Arkadaşından hesap bile soramadan yere yığıldı.

    Sonra bütün arkadaşları, hocaları etrafına toplandı. Aslı bütün sesleri duyuyordu ama gözlerini açamıyordu. Gözlerinden ırmaklar gibi yaşlar süzülüyordu sadece.

      Sınıf öğretmeni ve okulun rehber öğretmeni Aslı'yı apartopar hastaneye götürdüler. Aslı hala kendine gelmemişti. Öğretmenleri ailesine haber vermişti. Ve doktorlar Aslı'yı gözlem odasına alıp muayene etmeye başladılar.

                                 ***

   Biraz sonra Aslı'nın ailesi de hastaneye gelmişti. Doktordan bilgi almak için çabaladılar.

    Doktor "sakin olun henüz testler, tetkikler bitmedi, sonucu söylemek bunun neyden kaylandığını anlamak güç" dedi ve uzun koridordan uzaklaştı.

    Aslı'nın annesi koşar adımlarla öğretmenlerin yanına gitti, neler olduğunu öğrenmeye çalıştı. Aslı'nın öğretmenleri olanları anlattılar.

    Aslı'nın annesi "acaba Kerem'le aralarında bişey mi oldu" diye düşünüyordu. Ve doktorun sesi ile kendine geldi.

    Doktor Aslı'nın ailesine "endişe edecek bir şey yok, kan değerleri normal fakat..." Aslı'nın ailesi "fakat ne?" diyerek doktorun konuşmasına izin vermediler.

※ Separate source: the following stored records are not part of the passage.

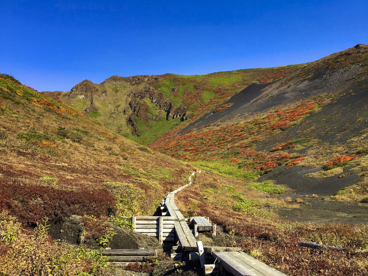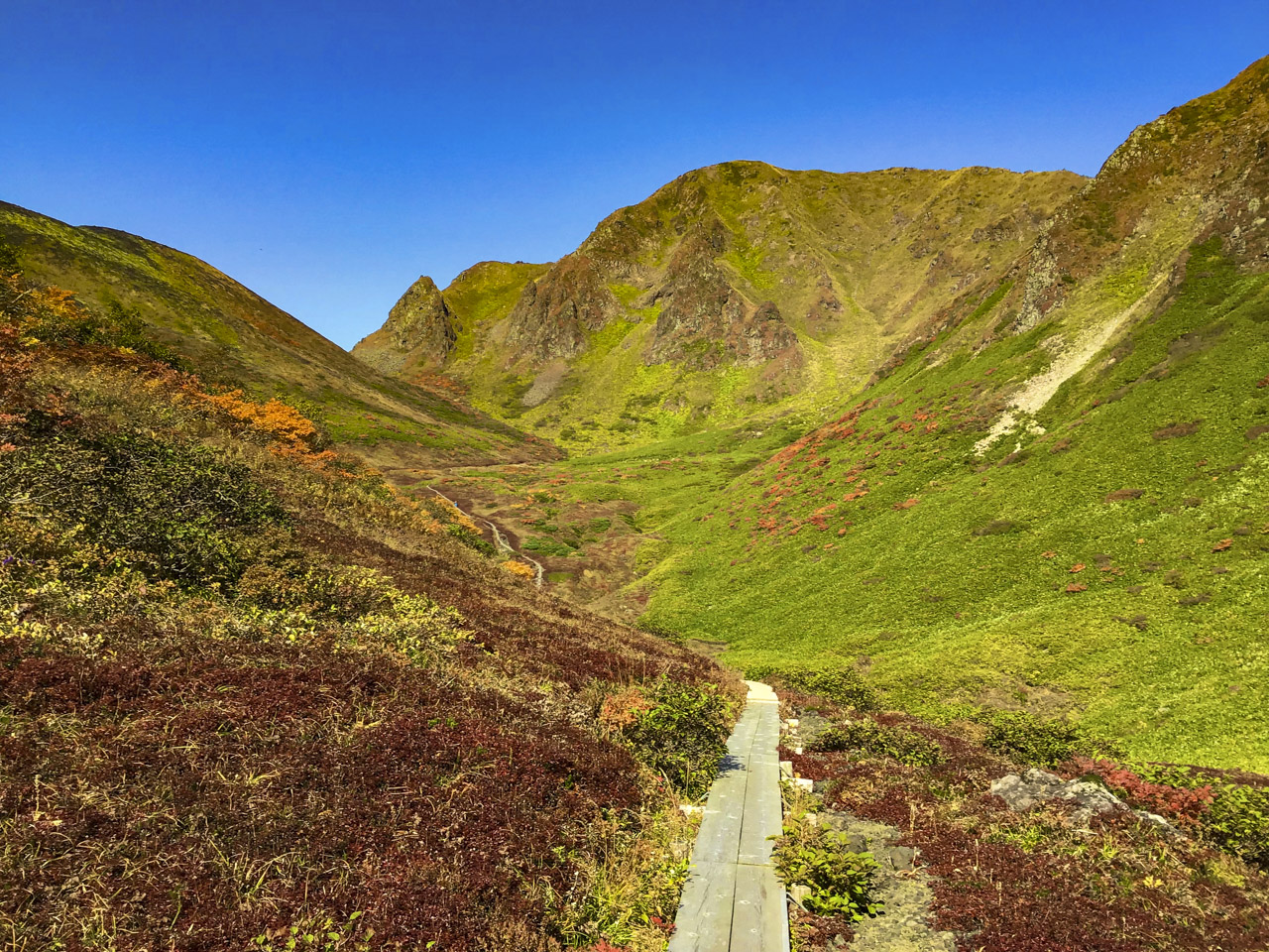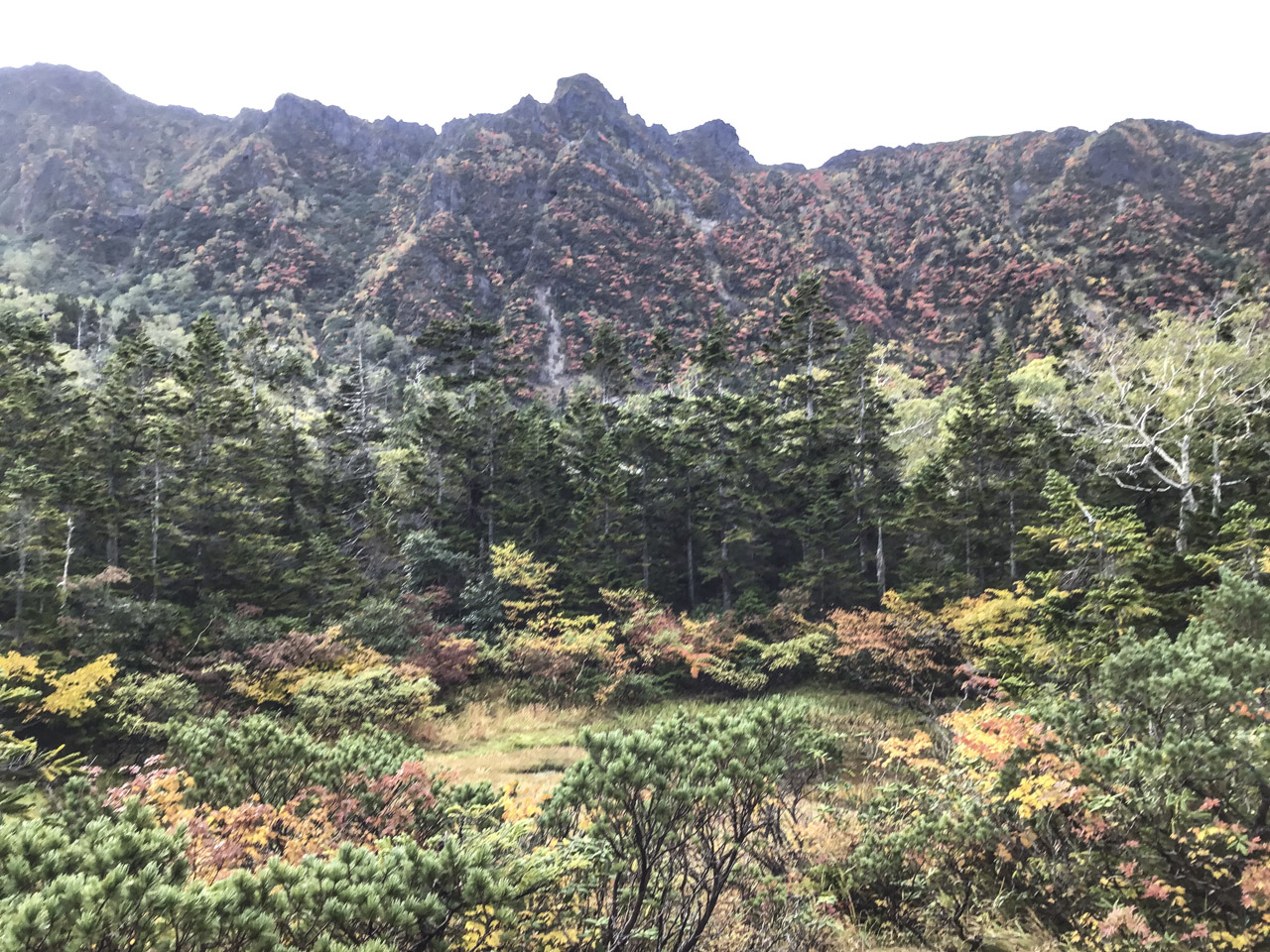 僕はガッツポーズで最高な感情を表現した! 艶やかなハイマツの緑に目を見張るような黄色やオレンジ、赤の紅葉のコントラストが美しく、自然が創り出した景色に、自然の一部である人間がそれを見て感動し、この風景が完成している気がした。 地球は自らのこの完全で素晴らしい生と死の織りなす美しさを味わいたいがために僕たち人間を創り、人間の五感を通して自らの完璧な美しさを堪能しているのかもしれない。 けれど、そんな言葉もこの完璧なまでの美しさを前にしては、どこか虚空へと消えてしまう。
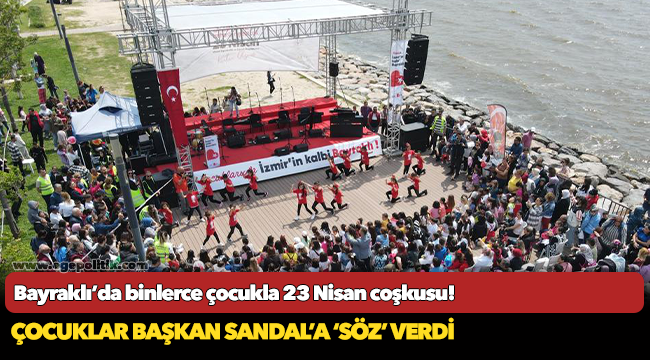 Bayraklı Belediyesi iki hafta boyunca süren çeşitli etkinliklerle 23 Nisan’ı binlerce çocuğun katılımıyla kutladı. Etkinliklerin finali Bayraklı sahilindeki görkemli kutlama törenle yapıldı. Etkinliğe Başkan Serdar Sandal, eşi Aylin Sandal, oğlu Yağız Sandal, CHP Bayraklı İlçe Başkanı Didem Gültekin, meclis üyeleri, muhtarlar ve 5 bine yakın çocuk ile aileleri katıldı.
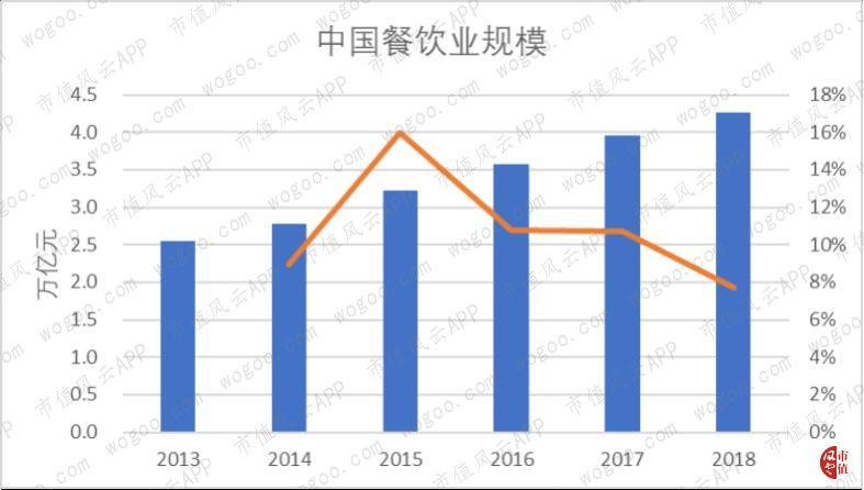 同时期,中国餐饮业的规模由2013年的2.56万亿元增长到2018年的4.27万亿元,CAGR达到10.8%。

     Doktor "sakin olun lütfen. Kızınız ufak bir tramva geçirmiş. Aşırı stres onu bu hale getirmiş olabilir. Yakın zamanda üzüldüğü, kendisini yorduğu bir mesele olduysa bu sebeb olmuş olabilir.

     Bir kaç ilaç verdim, mümkünse kendisini yormasın ve stresten uzak dursun. Size önerim bir psikologa başvurmanız. Geçmiş olsun." diyerek oradan uzaklaştı.

    Aslı bütün bunlar yaşanırken gözlerini açmıştı. Ailesinin bütün sorularını yanıtsız bırakıp  sadece ağladı.

   Aslı'nın annesi eşine suçlu gözlerle bakmaktadı. Babası ise Aslı ve Kerem'in ilişkisine karşı çıktığı için pişmanlık duymaktaydı. Karşı çıktığı ve kızı istediği için mi olmuştu yaşananlar.

    Aslı'nın ise kafasındaki tek düşünce "içimdeki ses demişti".. İdi.

     Aslı hissetmişti sanki. Arkadaşının kendisine davranışlarındaki değişiklikten, Kerem'in telefonlarına geç dönmesinden. Ama arkadaşından bu gibi bir davranışı asla beklemezdi.

                                ***

    Aslı günler geçmesine rağmen hala olayın şokunu atlatamamıştı. Yemek yemiyor, Kerem'in telefonlarına bakıyordu.
   Kerem halası ile irtibat kurmaya çalışsada ulaşamamıştı Aslı'ya.

Aslı" Neden neden yaptı bunu neden? "diye sorup durmakta, Aslı hep kendini suçlamaktaydı." Ogün o lanet telefonu evde unutmasaydım bunlar olmazdı, o gün o lanet telefonu arkadaşımdan almasaydım bunlar olmazdı" diye kafasında kurup durdu Aslı.

                              ***

     Günler geçmişti. Aslı az da olsa toparlamıştı kendini. Ama hala kalbinde bir yerlerin kanadığını hissetmekteydi.

    Kendisine ihanet eden yalnızca Kerem değildi. Aynı sırayı paylaştığı, her anını geçirdiği kız Arkadaşı Eda... Oda en az Kerem kadar suçluydu
Aslı'nın gözünde.

    Eda ne kadar özür dilemeye çalışsada afettiremedi kendini Aslı'ya.
Artık hem en sevdiği adamı, hemde en sevdiği arkadaşını hayatından çıkarmak zorunda kalmıştı Aslı.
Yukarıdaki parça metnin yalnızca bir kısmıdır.